About a year ago I bought this Acer Aspire 7720, it was cheap, about 650 euro's and it had a lot of power for its money.

It came with Windows Vista preloaded, along with a recovery partition + utility so that you could simply restore Vista when it would go bonkers on you.
Compare it to ghost image if you will.

I played some games on it in the next months, such as Doom 3, C&C generals, Jedi Outcast, relatively old but rather good games which my laptop could handle very well.

After 8 months of usage, the laptop became increasingly slower after an hour of work, and I noticed the keyboard began to get really warm.
The fan exhaust next to the power supply cable connection was extremely warm, and I feared there was a lot of dust in my laptop.
After opening the laptop, there was some dust but not a lot so I closed it again and all was well.

I restored Windows Vista multiple times, just to have a fresh start with the Operating System.

About 2 months ago I downloaded the Windows 7 RC from Microsoft to try it out, it worked outstanding and thought it was much better then Vista.
However, it again got really warm and at a certain point it even shut itself down.

I found out the max temp in order for the emergency shutdown to activate is 85 degrees celcius, and using the application "Coretemp" I found out my laptop's cores were getting to the 80 degrees quite easily.

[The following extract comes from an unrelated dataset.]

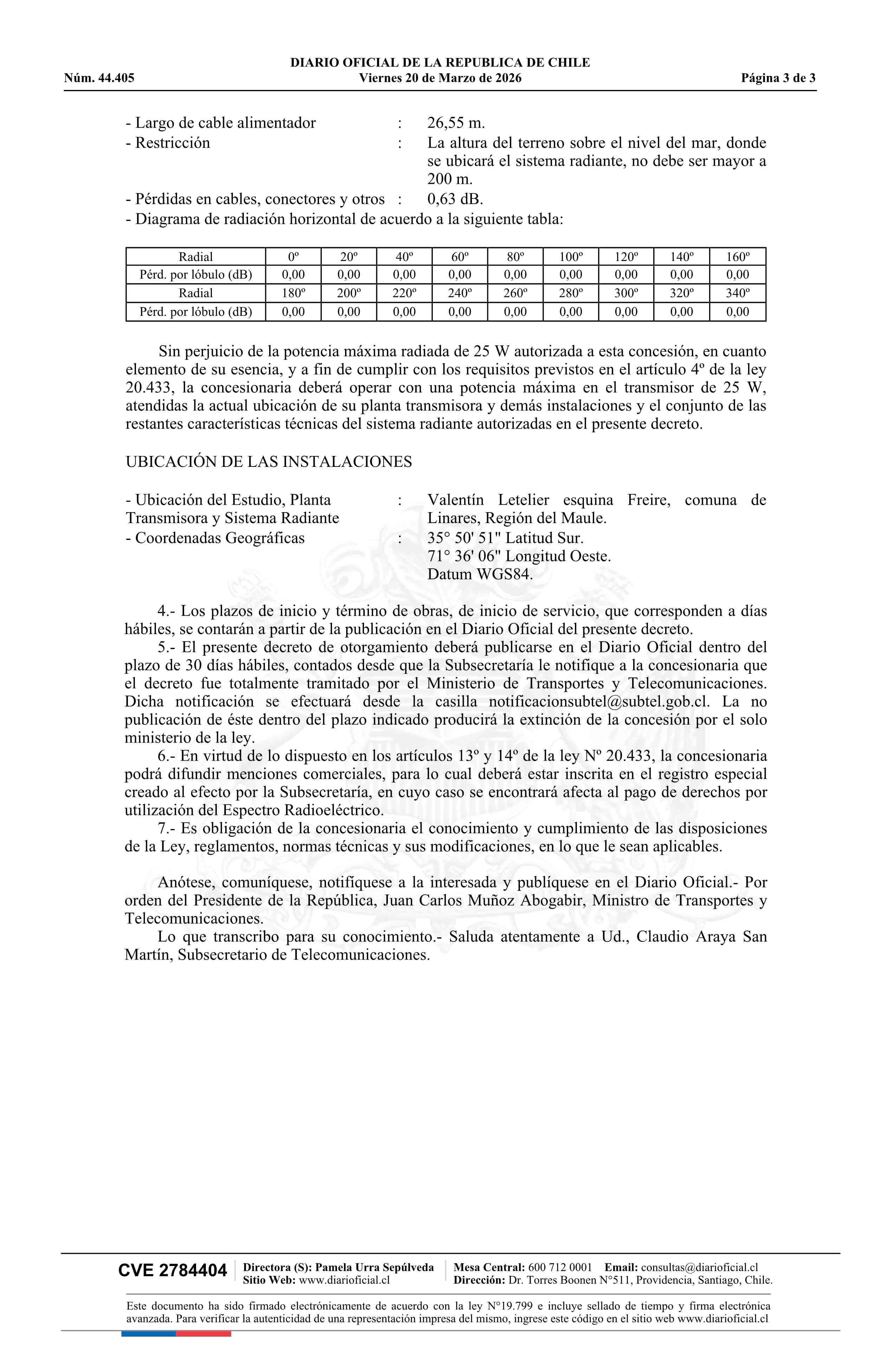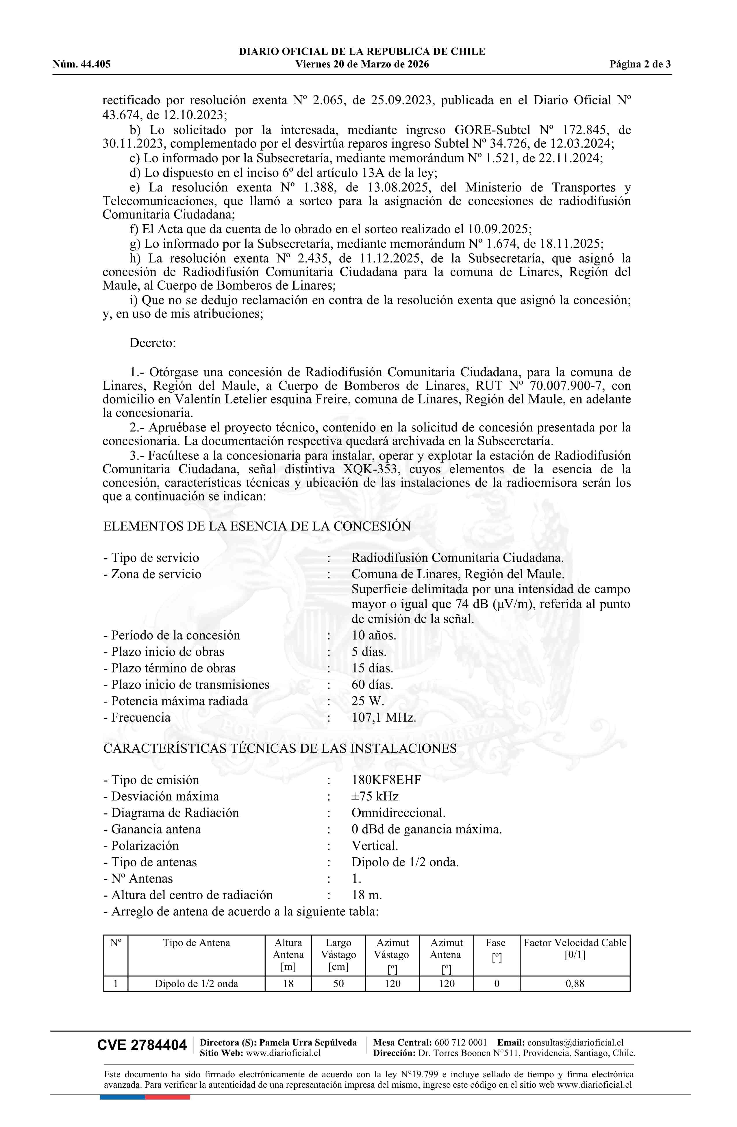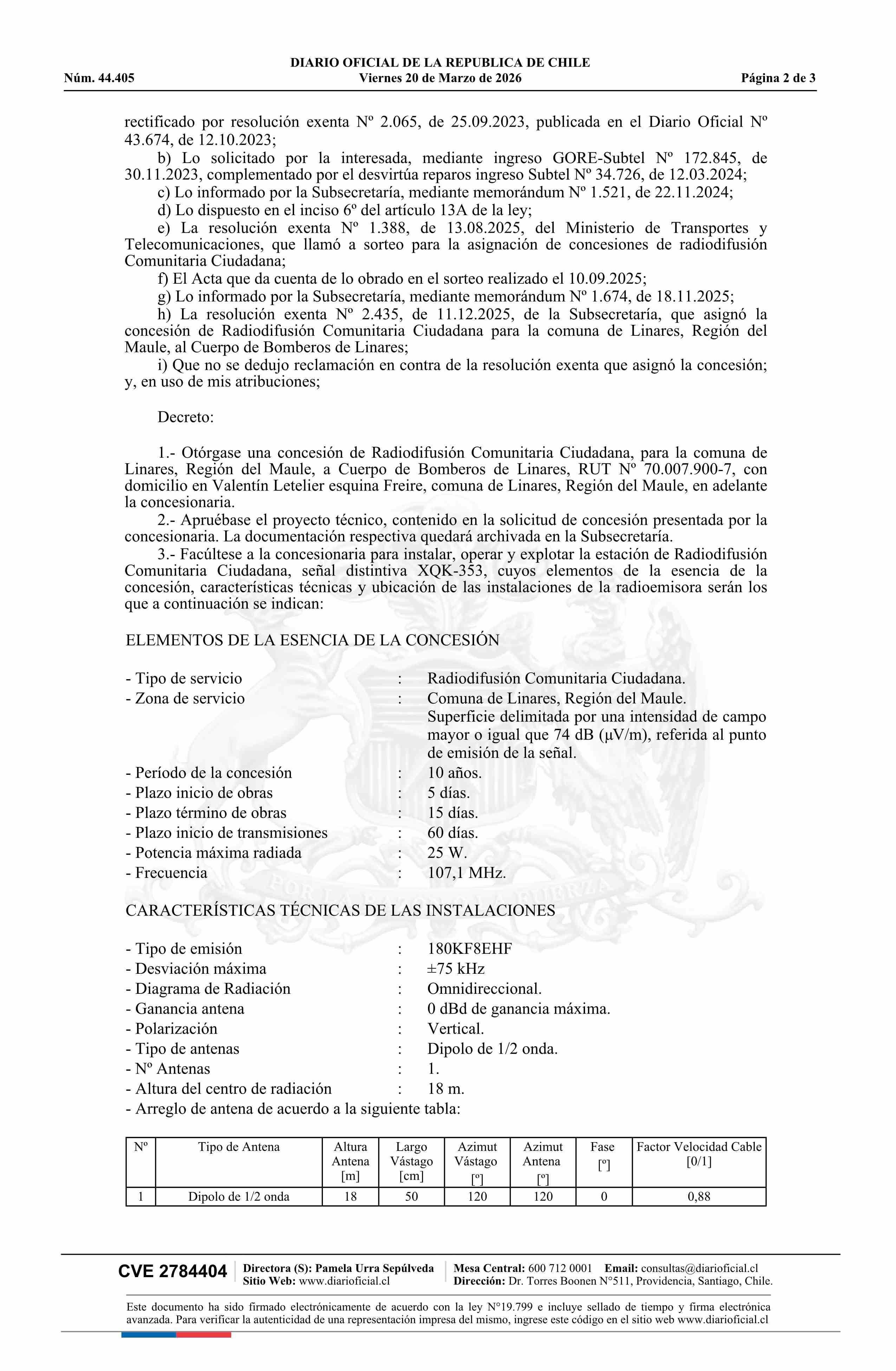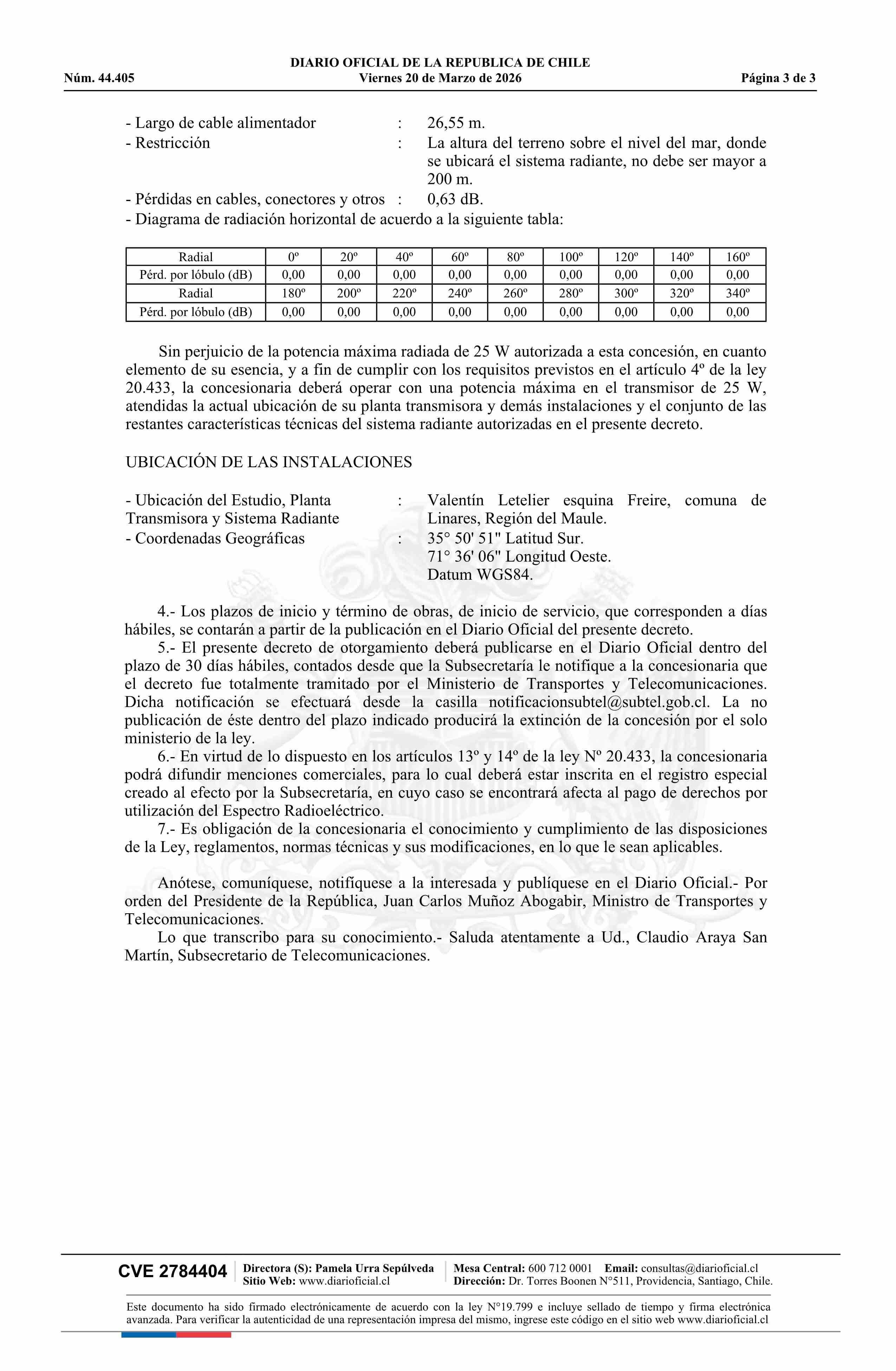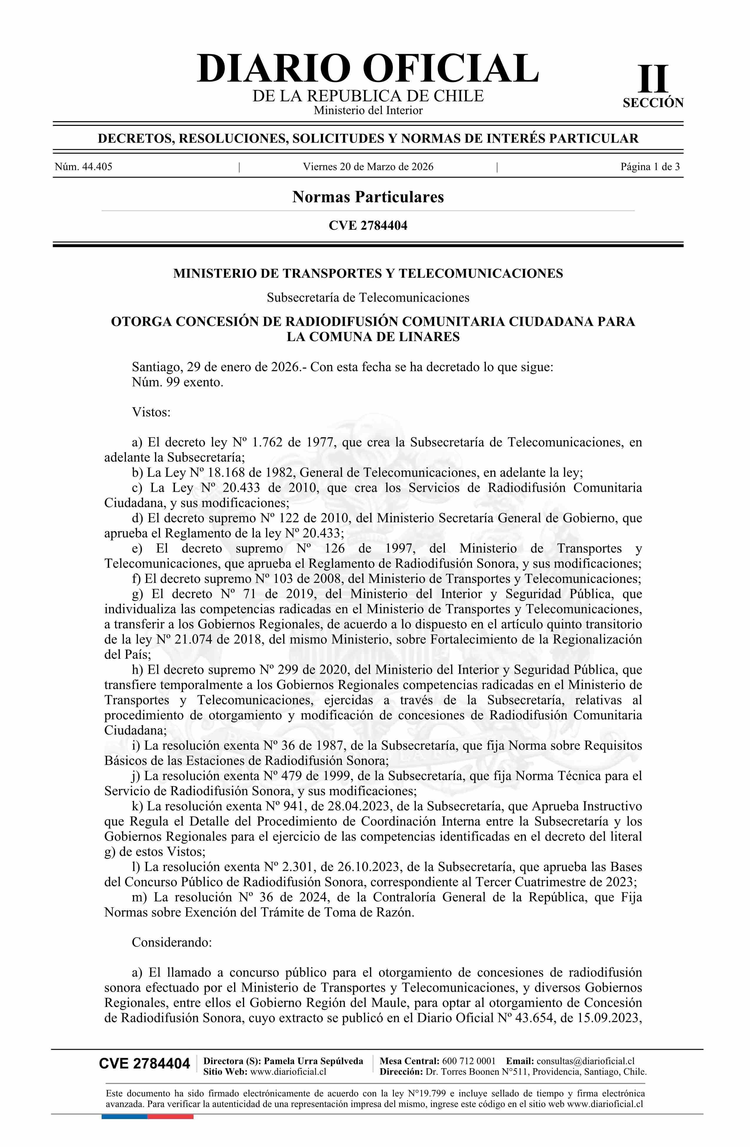 Decreto exento número 99, de 2026.- Otorga concesión de radiodifusión comunitaria ciudadana para la comuna de Linares 20-03-2026 Diario Oficial Edición Electrónica |

After 2 months of using Win 7, I decided I installed Win XP Pro on the laptop.
It works fast and well, but it still gets very hot.
I even restored the BIOS version to 1.34, which according to certain Acer Guru's would make the fan work better which in order would solve the heat problem.

But alas.

The problem is so bad now, whenever I run an CPU/GPU intensive application, a game, a movie (youtube & avi, mp4, etc), or even music, the laptop gets so hot it will simply shut itself down.

I'm quite frustrated with this, I tried to bring it back to the shop I got it from but they actually came up with a story that might be my fault for installing a "faulty application".

So my question after this rant is: does anyone know what to do? has anyone experience with this? or should I just wait till the laptop dies..?

I can't even play a simple game as bejeweled on this thing, it just gets overheated and it shuts down.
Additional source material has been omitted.